The string of economic, education and research cooperation projects and loan agreements signed in the presence of President Susilo Bambang Yudhoyono and President Hu Jintao in Beijing on Thursday reflect the high confidence these two countries have in the future outlook of their relations.

Several billion dollars worth of China-Indonesia joint ventures in the development of oil refineries, highways, power plants and coal transportation projects are also in the pipeline.

All this is the result of the strong commitment of both Presidents Susilo and Jintao to translate the Strategic Partnership Agreement they signed in Jakarta earlier in April into concrete, feasible cooperation projects for mutual benefit.

The partnership agreement, which serves as an overarching political umbrella for cooperation, has maintained the momentum of the positive developments, especially in terms of bilateral economic ties, which have been thriving since the reopening of diplomatic ties in the early 1990s.

Both leaders fully realize that even though their countries often compete fiercely with each other over a number of industrial exports, their economies actually complement each other in many areas -- China's insatiable appetite for raw materials and Indonesia's abundance of natural resources.

Indonesia badly needs foreign technology and capital to develop its natural resources, while China, with more than US$710 billion in foreign exchange reserves, has been shopping around the world to secure stable sources of raw materials.

Indonesia can benefit from the booming $1.6 trillion Chinese economy and China in turn can secure the supplies of various raw materials by investing directly in natural-resource based projects in Indonesia.

The robust pace of China's economic growth over the past two decades has indeed made its manufacturing sector sizzle with an insatiable demand for raw materials.

For example, China's oil demand has been increasing by more than 25 percent a year, making it the world's second largest oil importer after the United States. This has forced China to secure a stable source of oil supplies by acquiring concessions from around the world, including Indonesia.
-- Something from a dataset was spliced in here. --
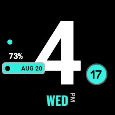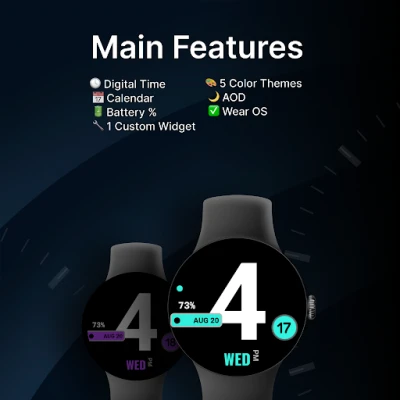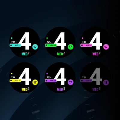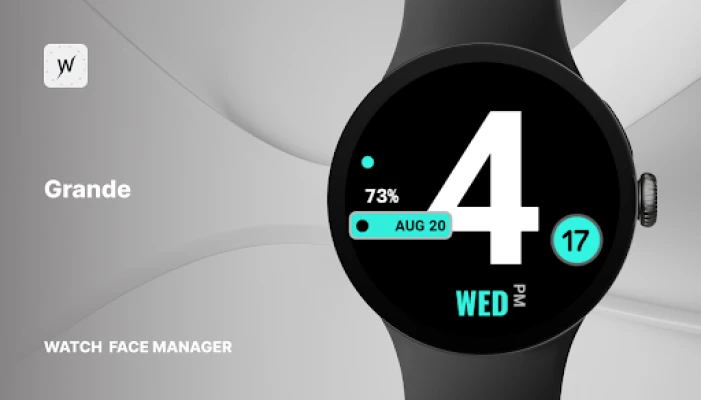 Grande is a minimalist digital watch face with an oversized time display that dominates the screen for easy readability. Designed with 5 color themes, it pairs bold design with simple, practical data.

China National Offshore Oil Corp. (CNOOC) and China National Petroleum Corp. have been investing tens of billions of dollars in acquiring interests in upstream oil entities in dozens of countries, including Indonesia. China also has signed a long- term contract to import 2.6 million metric tons of liquefied natural gas annually from the Tangguh gas field in Papua, starting within three to four years.

Indonesia has abundant coal resources, which China badly needs to fire its power stations and manufacturing industries. Some analysts estimate that China today uses almost 35 percent of the coal in the world.

Given these mutual benefits, the objective of expanding the two-way trade to $30 billion in 2010 from $13 billion last year is not too tall an order in view of the robust increase in Chinese investment in Indonesia because trade and investment is closely interlinked.

It is the right policy on the part of the government to direct Chinese investments to specific sectors such as energy and basic infrastructure in view of Indonesia's large amount of petroleum imports and inadequate infrastructure, which have eroded the country's economic competitiveness.

This investment targeting policy will also be effective in enhancing development with equity to correct the disparities of development between provinces or regencies and wide gap of income between groups of people caused by the growth-led development policies of the past.

However, the big business deals with China should not lull the government into complacency when it comes to doing its homework, as it still needs further improvements to the overall investment climate.

The first group of Chinese investors, who have entered Indonesia consists mostly of state companies. But this capital inflow will not be sustainable without the support of private investors from China.

The problem though is that most foreign investors remain waiting on the sidelines, expecting significant improvements in the business climate. Investors are willing to stake out their capital only when the general business climate already meets the minimum degree of physical, legal and institutional infrastructure.